===== RECORDS TO USE =====

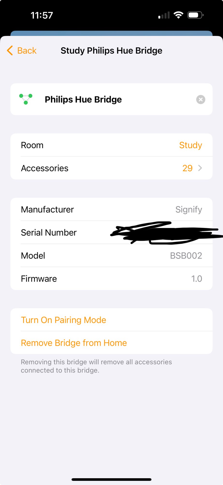 If when you look at the bridge properties it shows the icon and a link to the Hue app then that is HomeKit. If that is missing as in the image below then it is Matter.There seems to be no clear information. Which version of Hue bridge is on Matter? Apparently in Hue app says it be updated automatically? How am I know if I am on Matter or not?
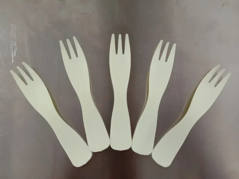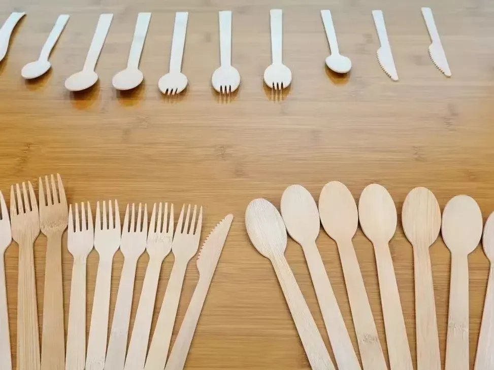 企业将“以竹代塑”技术融入到蛋糕餐托和塑料刀、叉的生产中。该竹塑刀叉以青皮竹粉占比25%-30%的竹塑粒为原材料,既满足食品级使用要求,又绿色环保,生产成本更优于传统全塑产品。
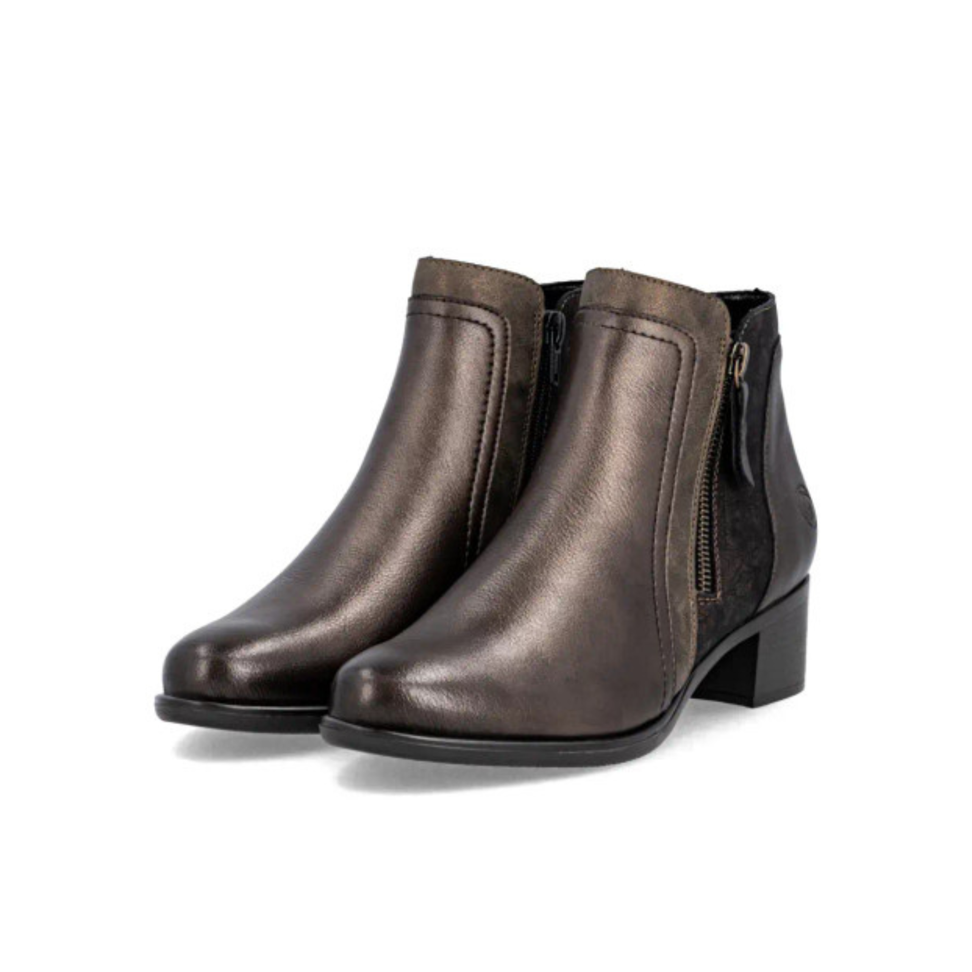 These ankle boots feature a short block heel and an elegant almond toe. They offer easy wear with a side zip closure and showcase rich chocolate brown accents. The cozy fleece lining adds warmth and comfort for everyday wear.
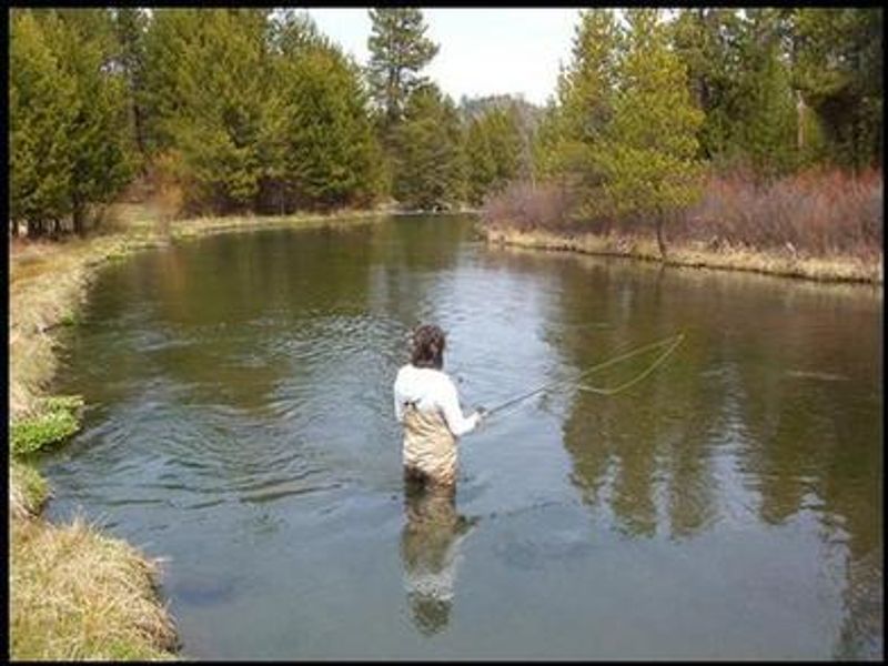 Fall River Guard Station is a rustic historic cabin situated on the banks of the spring-fed Fall River in Deschutes National Forest. Built by the Civilian Conservation Corps in the 1930s in the Cascadia architectural style typical of the Pacific Northwest Region, this single-story structure originally served as an outpost for fighting forest fires. The 600-square-foot cabin features two bedrooms, a kitchen, and living room, accommodating up to 5 guests with one full bed, one twin bed, and a two-person futon. The cabin is equipped with propane-powered amenities including heat, refrigerator, lights, and stove. A picnic table is provided for outdoor dining, and a vault toilet is located on the premises. Guests must bring their own water, as none is available on-site, along with sleeping bags or bedding, towels, food, and cooking utensils. For the 2025 season, no kitchenware is provided. The location offers exceptional recreational opportunities. Fall River, flowing adjacent to the cabin, is open exclusively to fly-fishing and hosts brook, brown, and rainbow trout, as well as native whitefish below the falls. The Fall River Trail is accessible from the guard station, winding through lodgepole and ponderosa pine forests along the river. The surrounding landscape showcases the volcanic geology and diverse ecosystems of central Oregon, with nearby attractions including the Cascade Lakes Scenic Byway, Newberry National Volcanic Monument, and Lava Lands Visitor Center in Bend.
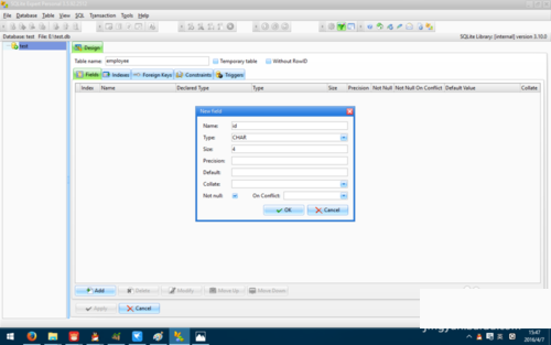 3、在弹出的对话框中设置字段名(Name),字段类型(Type),字段长度(Size),是否可空(not null),然后点击OK
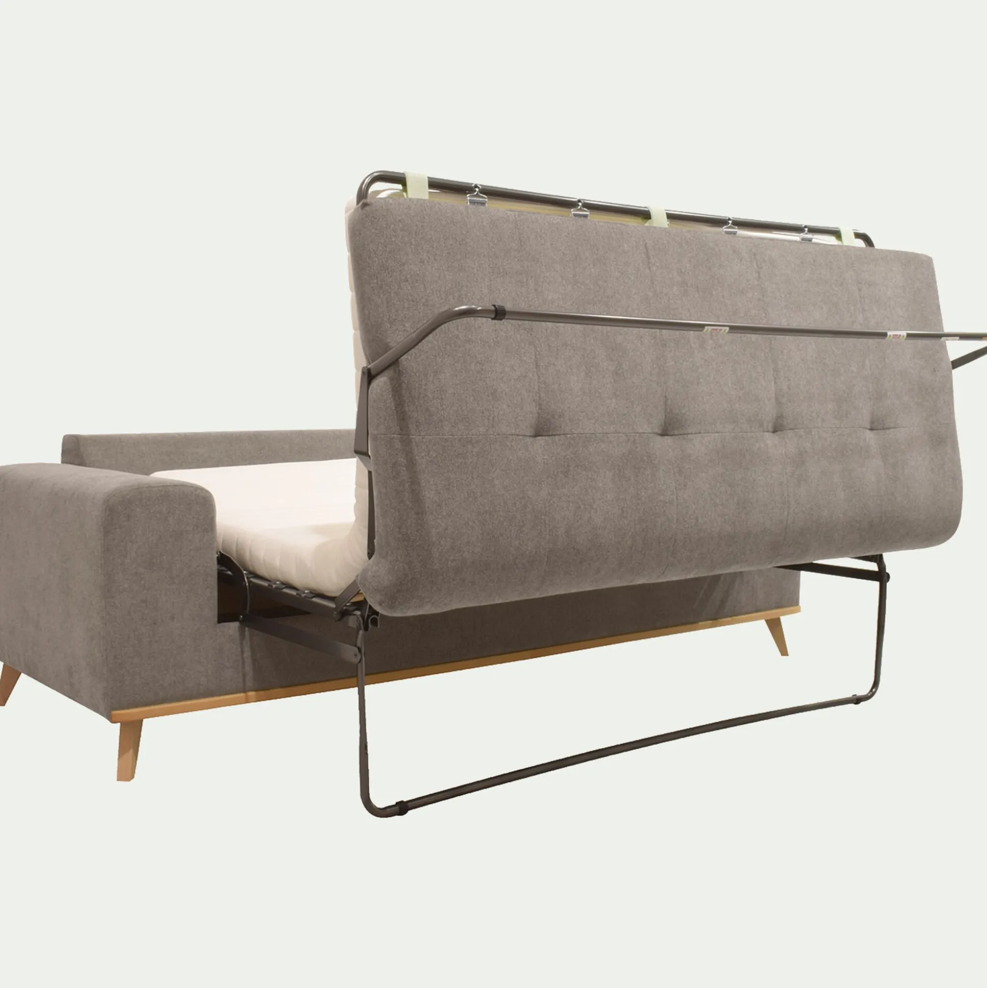 Le canapé convertible Capia allie confort, style et praticité. De jour, il offre une assise spacieuse pour 3 personnes. Ce canapé est alors revêtu d’un tissu storm taupe, profond et élégant. Son tissage apporte douceur et résistance, parfait pour une utilisation quotidienne. Le soir, il se transforme en un couchage d’appoint de 140×188 cm grâce à un mécanisme d’ouverture rapide et facile, intégrant un sommier et un matelas pour un confort optimal. Son design repose sur une structure en pin massif et des pieds en hêtre massif, gage de solidité et de durabilité. Les coussins de dos déhoussables facilitent l’entretien. Une fabrication française qui conjugue esthétique et fonctionnalité.
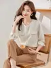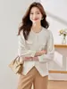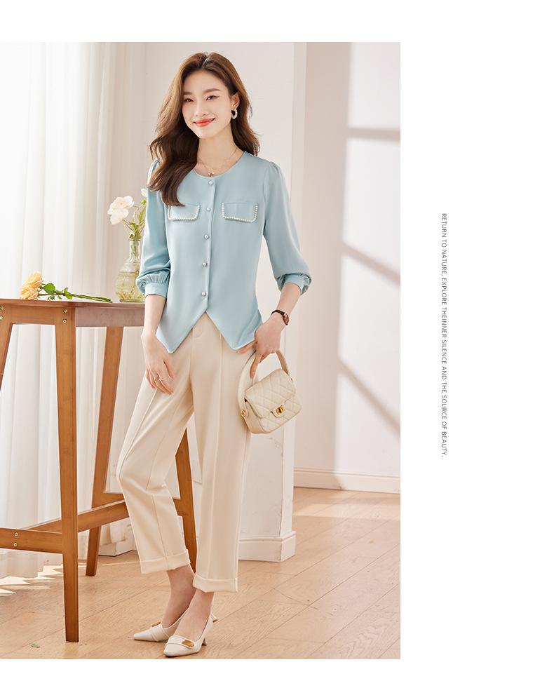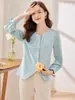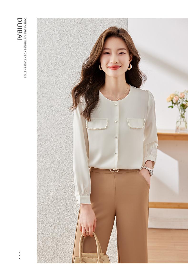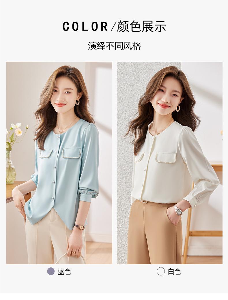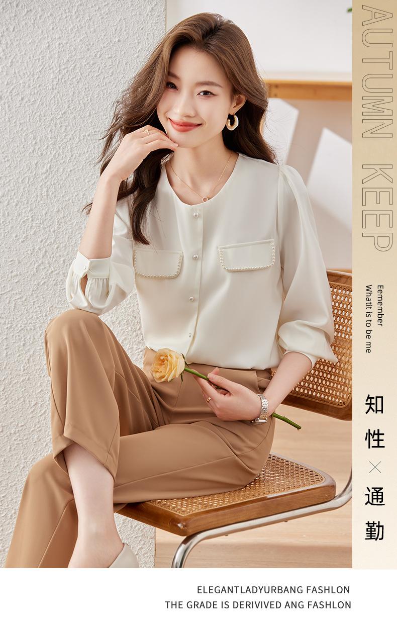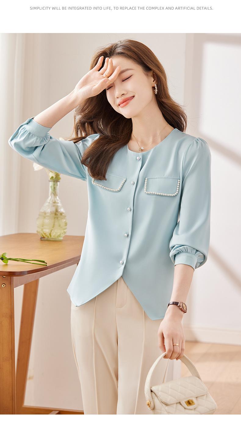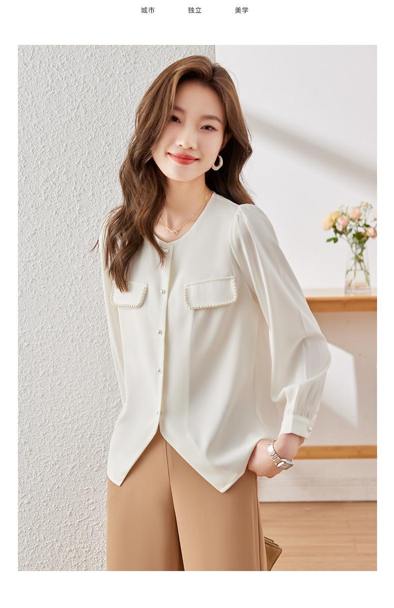 Camisa de Mujer Primavera y Otoño Nueva Estilo Celebridad Madura Ligera Elegante Camisa con Cuentas a la Moda Versátil Manga Larga Camisa Pequeña Elegante Top
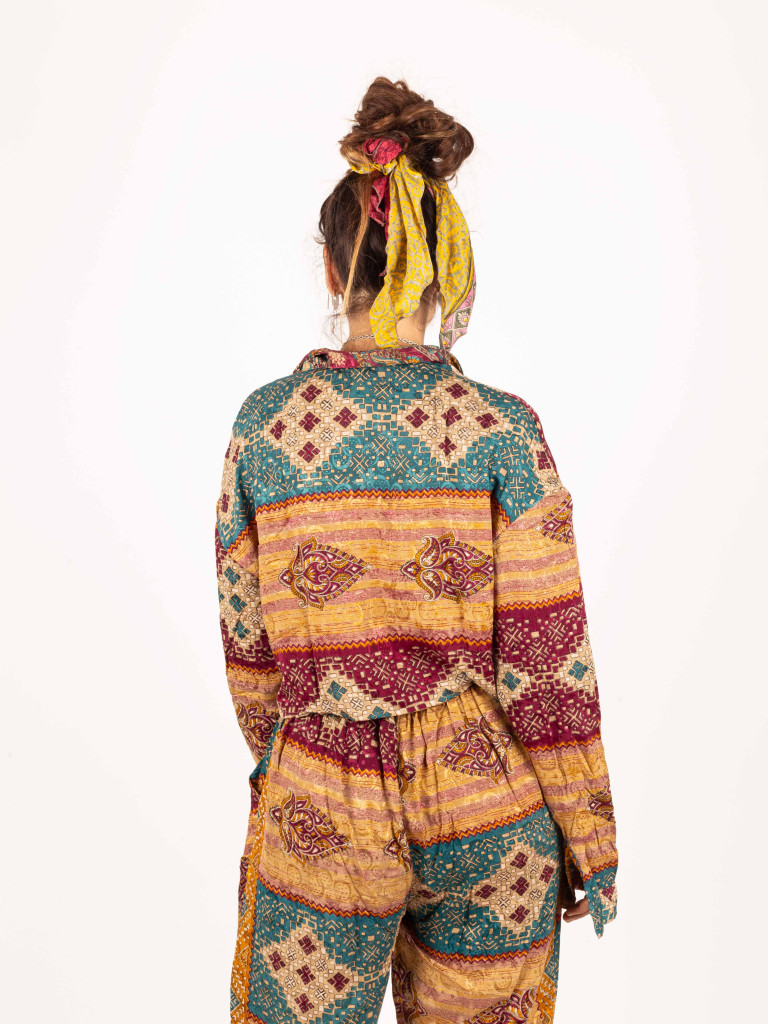 Diseñado a partir de sarees reciclados que elegimos uno a uno en nuestros viajes a India, cada conjunto Rangini es una pieza única que celebra la alegría, el movimiento y la autenticidad.

=====

What is needed is an exact copy of every record above, minus the images.

 If when you look at the bridge properties it shows the icon and a link to the Hue app then that is HomeKit. If that is missing as in the image below then it is Matter.There seems to be no clear information. Which version of Hue bridge is on Matter? Apparently in Hue app says it be updated automatically? How am I know if I am on Matter or not?
 企业将“以竹代塑”技术融入到蛋糕餐托和塑料刀、叉的生产中。该竹塑刀叉以青皮竹粉占比25%-30%的竹塑粒为原材料,既满足食品级使用要求,又绿色环保,生产成本更优于传统全塑产品。
 These ankle boots feature a short block heel and an elegant almond toe. They offer easy wear with a side zip closure and showcase rich chocolate brown accents. The cozy fleece lining adds warmth and comfort for everyday wear.
 Fall River Guard Station is a rustic historic cabin situated on the banks of the spring-fed Fall River in Deschutes National Forest. Built by the Civilian Conservation Corps in the 1930s in the Cascadia architectural style typical of the Pacific Northwest Region, this single-story structure originally served as an outpost for fighting forest fires. The 600-square-foot cabin features two bedrooms, a kitchen, and living room, accommodating up to 5 guests with one full bed, one twin bed, and a two-person futon. The cabin is equipped with propane-powered amenities including heat, refrigerator, lights, and stove. A picnic table is provided for outdoor dining, and a vault toilet is located on the premises. Guests must bring their own water, as none is available on-site, along with sleeping bags or bedding, towels, food, and cooking utensils. For the 2025 season, no kitchenware is provided. The location offers exceptional recreational opportunities. Fall River, flowing adjacent to the cabin, is open exclusively to fly-fishing and hosts brook, brown, and rainbow trout, as well as native whitefish below the falls. The Fall River Trail is accessible from the guard station, winding through lodgepole and ponderosa pine forests along the river. The surrounding landscape showcases the volcanic geology and diverse ecosystems of central Oregon, with nearby attractions including the Cascade Lakes Scenic Byway, Newberry National Volcanic Monument, and Lava Lands Visitor Center in Bend.
 3、在弹出的对话框中设置字段名(Name),字段类型(Type),字段长度(Size),是否可空(not null),然后点击OK
 Le canapé convertible Capia allie confort, style et praticité. De jour, il offre une assise spacieuse pour 3 personnes. Ce canapé est alors revêtu d’un tissu storm taupe, profond et élégant. Son tissage apporte douceur et résistance, parfait pour une utilisation quotidienne. Le soir, il se transforme en un couchage d’appoint de 140×188 cm grâce à un mécanisme d’ouverture rapide et facile, intégrant un sommier et un matelas pour un confort optimal. Son design repose sur une structure en pin massif et des pieds en hêtre massif, gage de solidité et de durabilité. Les coussins de dos déhoussables facilitent l’entretien. Une fabrication française qui conjugue esthétique et fonctionnalité.
 Camisa de Mujer Primavera y Otoño Nueva Estilo Celebridad Madura Ligera Elegante Camisa con Cuentas a la Moda Versátil Manga Larga Camisa Pequeña Elegante Top
 Diseñado a partir de sarees reciclados que elegimos uno a uno en nuestros viajes a India, cada conjunto Rangini es una pieza única que celebra la alegría, el movimiento y la autenticidad.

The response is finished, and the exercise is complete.